- WORK REQUIRED
From the line containing "Bilden föreställer två" to the line containing "Our Food wraps" in the records below, set down every line exactly as it stands, both ends included, and skip the pictures.

-------- DATA FOR THIS EXERCISE

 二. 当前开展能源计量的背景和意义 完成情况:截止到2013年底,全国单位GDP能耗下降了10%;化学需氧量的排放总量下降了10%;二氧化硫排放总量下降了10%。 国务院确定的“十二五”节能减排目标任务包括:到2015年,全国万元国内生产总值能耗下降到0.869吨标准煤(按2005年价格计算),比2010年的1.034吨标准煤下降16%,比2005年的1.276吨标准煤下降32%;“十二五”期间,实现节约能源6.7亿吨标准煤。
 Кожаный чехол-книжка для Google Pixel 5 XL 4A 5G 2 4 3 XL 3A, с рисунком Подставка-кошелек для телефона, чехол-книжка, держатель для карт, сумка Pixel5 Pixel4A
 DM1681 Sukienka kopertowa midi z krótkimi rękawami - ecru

----------------
-------- DATA FOR THIS EXERCISE

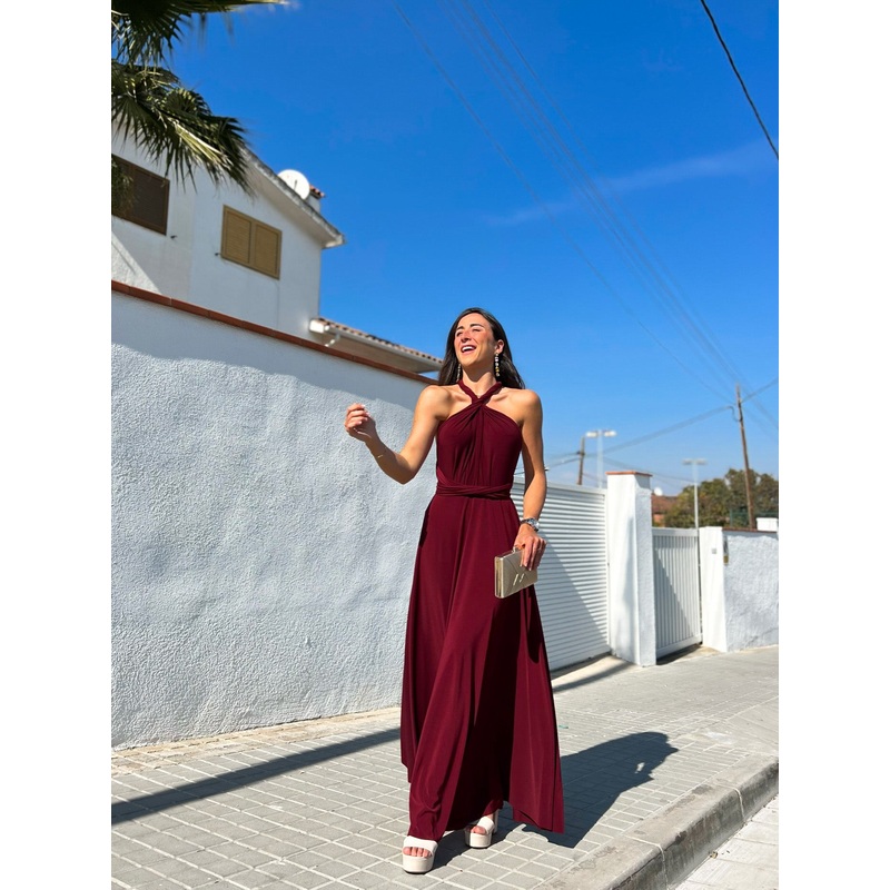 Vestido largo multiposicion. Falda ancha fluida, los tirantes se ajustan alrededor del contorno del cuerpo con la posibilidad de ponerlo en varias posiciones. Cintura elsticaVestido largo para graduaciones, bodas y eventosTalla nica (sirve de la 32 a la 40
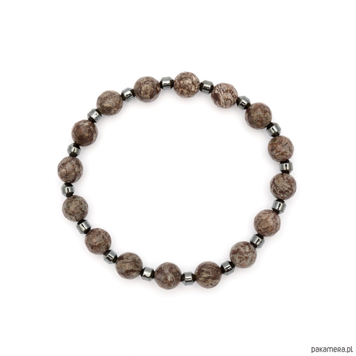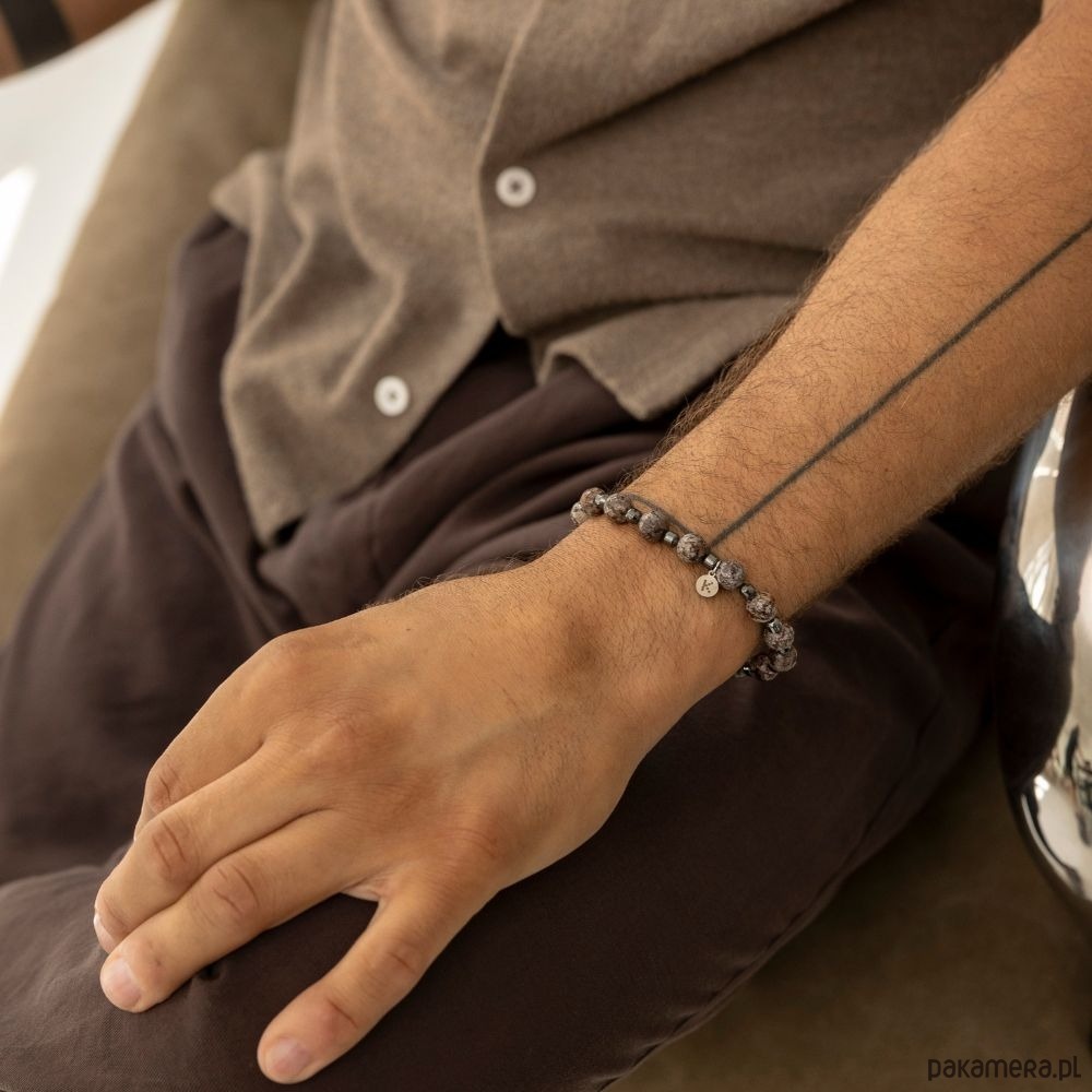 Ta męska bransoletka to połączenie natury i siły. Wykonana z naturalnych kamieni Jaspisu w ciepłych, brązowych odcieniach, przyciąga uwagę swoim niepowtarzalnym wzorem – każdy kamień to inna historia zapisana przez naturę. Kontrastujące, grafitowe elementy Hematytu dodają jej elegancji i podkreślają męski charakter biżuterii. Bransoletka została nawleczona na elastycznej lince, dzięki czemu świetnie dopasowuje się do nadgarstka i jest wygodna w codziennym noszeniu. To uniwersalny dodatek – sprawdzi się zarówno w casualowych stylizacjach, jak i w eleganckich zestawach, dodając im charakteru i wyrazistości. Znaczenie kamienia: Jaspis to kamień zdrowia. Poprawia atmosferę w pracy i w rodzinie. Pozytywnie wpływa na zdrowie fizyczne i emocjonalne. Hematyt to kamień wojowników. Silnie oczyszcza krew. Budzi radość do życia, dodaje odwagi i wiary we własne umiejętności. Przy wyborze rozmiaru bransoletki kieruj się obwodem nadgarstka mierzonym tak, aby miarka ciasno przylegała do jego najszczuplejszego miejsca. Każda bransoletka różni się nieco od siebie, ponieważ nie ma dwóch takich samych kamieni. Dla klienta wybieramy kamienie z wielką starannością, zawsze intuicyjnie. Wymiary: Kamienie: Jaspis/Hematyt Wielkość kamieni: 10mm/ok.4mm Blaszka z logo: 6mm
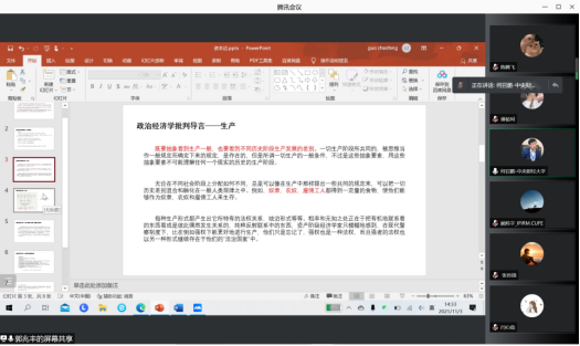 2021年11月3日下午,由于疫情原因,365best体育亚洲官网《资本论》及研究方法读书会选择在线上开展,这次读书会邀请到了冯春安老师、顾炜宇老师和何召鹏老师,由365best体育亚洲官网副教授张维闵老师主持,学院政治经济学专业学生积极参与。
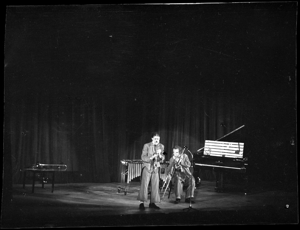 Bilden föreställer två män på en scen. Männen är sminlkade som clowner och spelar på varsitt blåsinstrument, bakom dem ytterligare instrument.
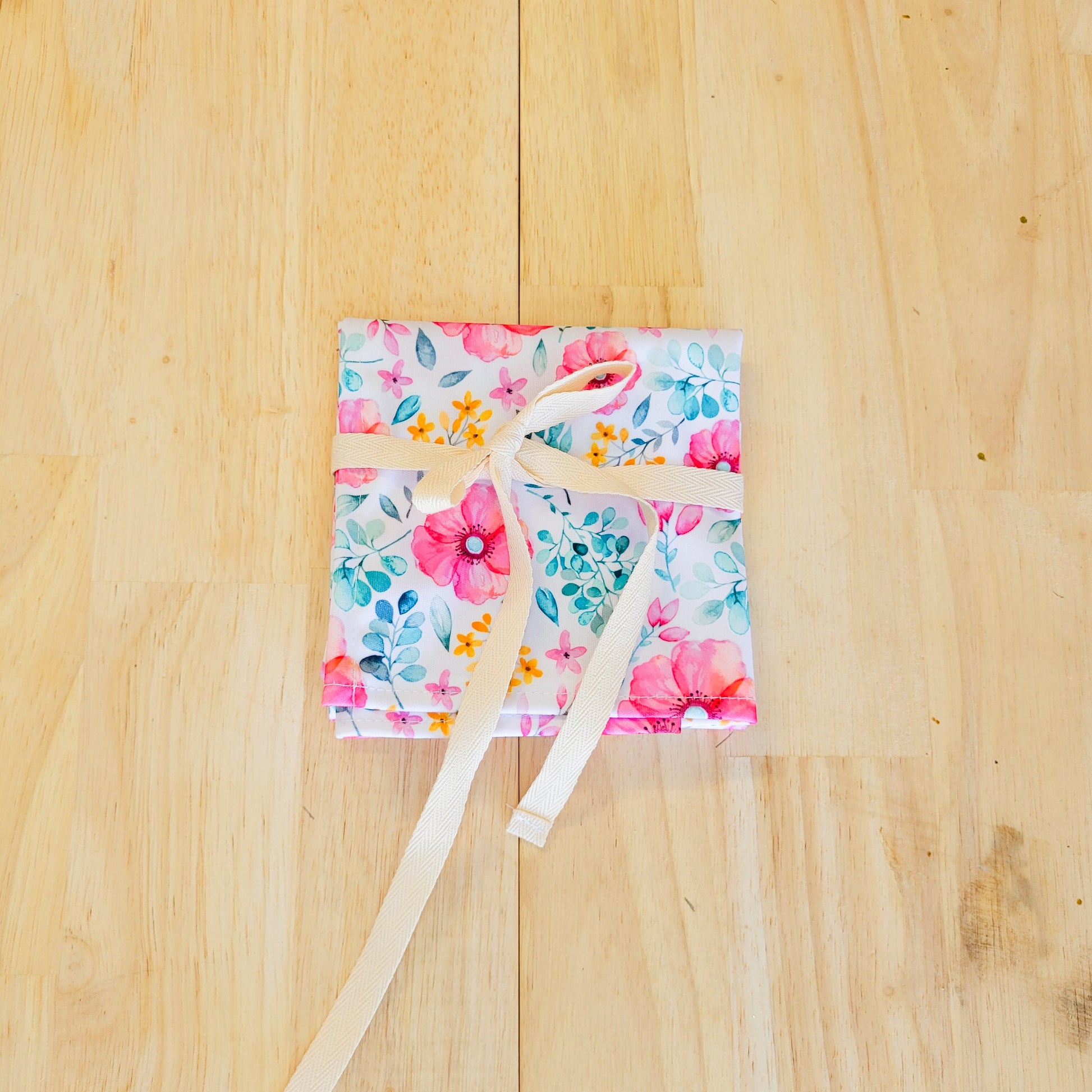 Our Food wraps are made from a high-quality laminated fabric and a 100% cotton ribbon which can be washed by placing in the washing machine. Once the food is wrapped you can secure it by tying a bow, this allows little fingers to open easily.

----------------

- SOLUTION FOR THIS PROBLEM
 Bilden föreställer två män på en scen. Männen är sminlkade som clowner och spelar på varsitt blåsinstrument, bakom dem ytterligare instrument.
 Our Food wraps are made from a high-quality laminated fabric and a 100% cotton ribbon which can be washed by placing in the washing machine. Once the food is wrapped you can secure it by tying a bow, this allows little fingers to open easily.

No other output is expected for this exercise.